As the climate warms, at least four factors might increase the risk of a major hurricane in the northeast U.S.:
- Ocean warming is causing the strongest hurricanes to get stronger.
- A poleward shift in which hurricanes reach their peak intensity farther north (primarily because of warming sea surface temperatures)
- More hurricanes are forming close to the U.S. coast as a result of ocean warming.
- More Greenland blocking (a “stuck” jet stream pattern that increases the risk of a Northeast U.S. landfall)
One factor that might decrease risk: a tendency toward slower-moving storms, which would result in more weakening as they cross the cold waters offshore of the Northeast.
My hunch: these competing factors may act to modestly increase the major hurricane risk to the Northeast, so that a one-in-100-year storm of the 20th century would be roughly a one-in-75-year storm during the 2026-2050 period.
Global warming expected to make the strongest hurricanes stronger
As discussed in detail in our previous post, Global warming is making the strongest hurricanes stronger, one of the more confident predictions on how climate change will affect hurricanes is that the strongest hurricanes will get stronger. As a result, the odds of a major hurricane hitting the Northeast will increase. A 2022 study, A globally consistent local-scale assessment of future tropical cyclone risk, found for the near term (until the year 2050), climate change could be expected to increase in the maximum winds of a one-in-100-year hurricane for the Northeast by about 7-11 mph (3-5 m/s, Fig. 4). Hurricane Bob of 1991 hit Rhode Island as a Cat 2 with 100 mph (160 km/h) winds; if it were to hit this year, those top winds might well be 115 mph (185 km/h), making it a low-end Cat 3.

A poleward shift in hurricanes would increase the Northeast risk
Climate change is expected to cause a shift to the north in where hurricanes reach their maximum intensity, which would increase the major hurricane threat to the Northeast. For example, a 2024 modeling study, Robust future projections of global spatial distribution of major tropical cyclones and sea level pressure gradients, showed a significant shift northward toward the northeast U.S. for major hurricanes by the end of the century — primarily because warmer waters farther to the north will allow hurricanes to retain their strength as they head north.

More hurricanes may form near the U.S. coast, increasing the number of landfalls
As we detailed in a previous post, The future of Atlantic hurricane tracks, as the waters near the U.S. coast warm because of climate change, we might expect that an increasing number of hurricanes could form in waters that were formerly too cool. This would likely increase the Northeast hurricane risk, as exemplified by 2021’s Hurricane Henri.

Summertime Greenland blocking is increasing, amplifying the Northeast’s landfalling hurricane risk
An atmospheric phenomenon known as Greenland blocking — a “stuck” jet stream pattern over Greenland — can deflect hurricanes approaching the Northeast from following their usual recurvature path to the northeast, forcing them instead to the northwest, resulting in increased landfall risks to New England.
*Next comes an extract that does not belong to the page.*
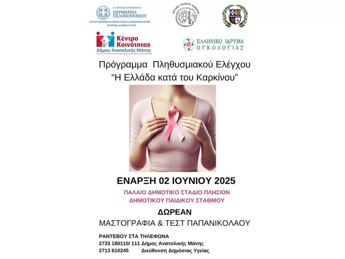 Στο πλαίσιο του προγράμματος πληθυσμιακού ελέγχου «Η ΕΛΛΑΔΑ ΚΑΤΑ ΤΟΥ ΚΑΡΚΙΝΟΥ», που πραγματοποιεί το Ελληνικό Ίδρυμα Ογκολογίας σε συνεργασία με την Περιφέρεια Πελοποννήσου για την πρόληψη και την έγκαιρη διάγνωση του καρκίνου του μαστού και του τραχήλου της μήτρας, ξεκινά την Δευτέρα  02/06/2025 πρόγραμμα πληθυσμιακού ελέγχου για τις γυναίκες που κατοικούν στον Δήμο Ανατολικής Μάνης  με εξέταση Μαστογραφίας και Τεστ Παπανικολάου. Το πρόγραμμα υλοποιείται υπό την αιγίδα της Περιφέρειας ΠελοποννήσουΓενική Διεύθυνση Δημόσιας Υγείας & Κοινωνικής Μέριμνας, του Δήμου Ανατολικής Μάνης και του Ιατρικού Συλλόγου Λακωνίας.

This phenomenon occurred with Hurricane Sandy in October 2012. According to a 2024 paper, Greenland summer blocking characteristics: an evaluation of a high-resolution multi-model ensemble, summertime Greenland blocking episodes of the type that would cause increased hurricane landfall risks to the Northeast U.S. showed a “sharp increase between the 1990s and 2010s,” reaching record levels. Such an increase could be caused by Arctic sea ice loss from human-caused climate change, though natural decades-long weather variability may also be responsible.
Unfortunately, climate models have a tough time correctly predicting Greenland blocking, so we are in the dark on how this particular threat might evolve. A 2013 paper, Model projections of atmospheric steering of Sandy-like superstorms, argued that our best climate models project we should see a decrease in the type of steering patterns that brought Sandy to the coast at such an unusual angle.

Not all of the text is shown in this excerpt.